The national tournament centers around the yearlong resolution, “Resolved: The United States should significantly reduce its military presence in one or more of the following: the Arab states of the Persian Gulf, the Greater Horn of Africa or Northeast Asia.” Each round consists of two teams. The first team affirms some portion of the resolution while the competing team negates the affirmative argument.

“Every bit of research I have done is directly related to the quickly changing regional security dynamic developing in the status quo,” Ferguson said. “I’m looking forward to hearing what some of the best college minds in America have to say about our country’s approach to the Gulf region, because it is a very important and relevant discussion to have given the Middle Eastern landscape we are currently facing.”

Because the resolution is so broad, affirmative teams often focus on one particular subset. Ferguson and Aaronson spent most of the year focusing specifically on the United States withdrawing from the Arab states in the Persian Gulf.

The yearlong research and preparation for the tournament requires roughly the same time commitment as writing a master’s thesis, Ferguson said.

“That kind of workload, while incredibly rewarding in and of itself, becomes difficult to balance with other extracurricular and classroom activities,” Ferguson said. “Simply due to the nature and scope of debate work, we are all taught how to rigorously and effectively manage our workloads.”

The broad resolution invites a spectrum of approaches. Many debaters engage the resolution through pragmatic policy analysis, arguing the benefits and harms of specific government actions, while others may question the philosophical assumptions of the resolution.

“Policy debate is, generally speaking, extremely technical,” Hoffman said. “Debaters speak extremely quickly and use a lot of jargon. Because of this, the average debate round tends to be comprehensible only to current and former debaters.”

IU debate team

Harry Aronson, left, and Kegan Ferguson, right, will compete in the upcoming National Debate Tournament. | Photo provided by Brian DeLong

Hoffman and Smale will negate the affirmative by arguing that the affirmative team’s rhetoric uses withdrawal as a way to mask personal complicity in militarism.

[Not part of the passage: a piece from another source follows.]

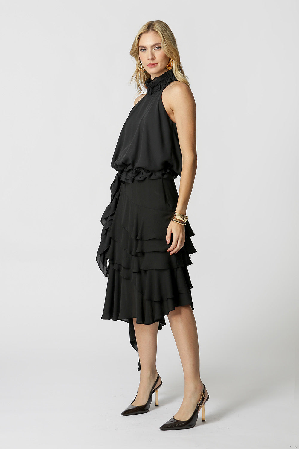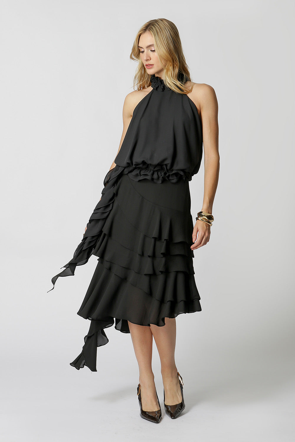 Blusa globo corta con cuello con volantes, viene con una bufanda con volantes desmontable. Una pieza llena de personalidad, ¡apuesta por ella!

“The direct clash between policy literature and critical theory is something that rarely happens in academia. Debate provides a unique way to experience it,” Hoffman said.

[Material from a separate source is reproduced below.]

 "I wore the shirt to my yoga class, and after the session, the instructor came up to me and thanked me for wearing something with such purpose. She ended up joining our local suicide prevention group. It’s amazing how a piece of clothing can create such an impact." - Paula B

Beyond the complexity of the debates, the tournament format itself is strenuous. The tournament consists of eight preliminary rounds, each lasting roughly 2.5 hours.

“Debate is strangely addictive,” Hoffman said. “There’s something powerful about getting to travel around the country and test your wits against some of the smartest undergrads.”

For Hoffman, the long tournament days offer opportunities to socialize with fellow debaters from around the country.

“Some of the smartest people I’ve ever interacted with have been through debate,” Hoffman said. “I’ve been fortunate enough to meet people from all across the country with a variety of different views, perspectives and life experiences, many of whom have become my best friends. While winning debates is obviously very important to me, I am generally more interested in interacting with new people at tournaments.”

DeLong is optimistic that the team’s year of dedication and research will pay off at the tournament.

“Past losses are lessons that should build future success, in life and at the tournament. As long as we are continuing to advance the quality of our arguments, whether we win or lose I will walk away happy,” DeLong said. “With that said, I know that our students can turn their hard work into wins. In the end it will be up to our students to persuade the judges that their efforts are worth a ballot in favor of Indiana.”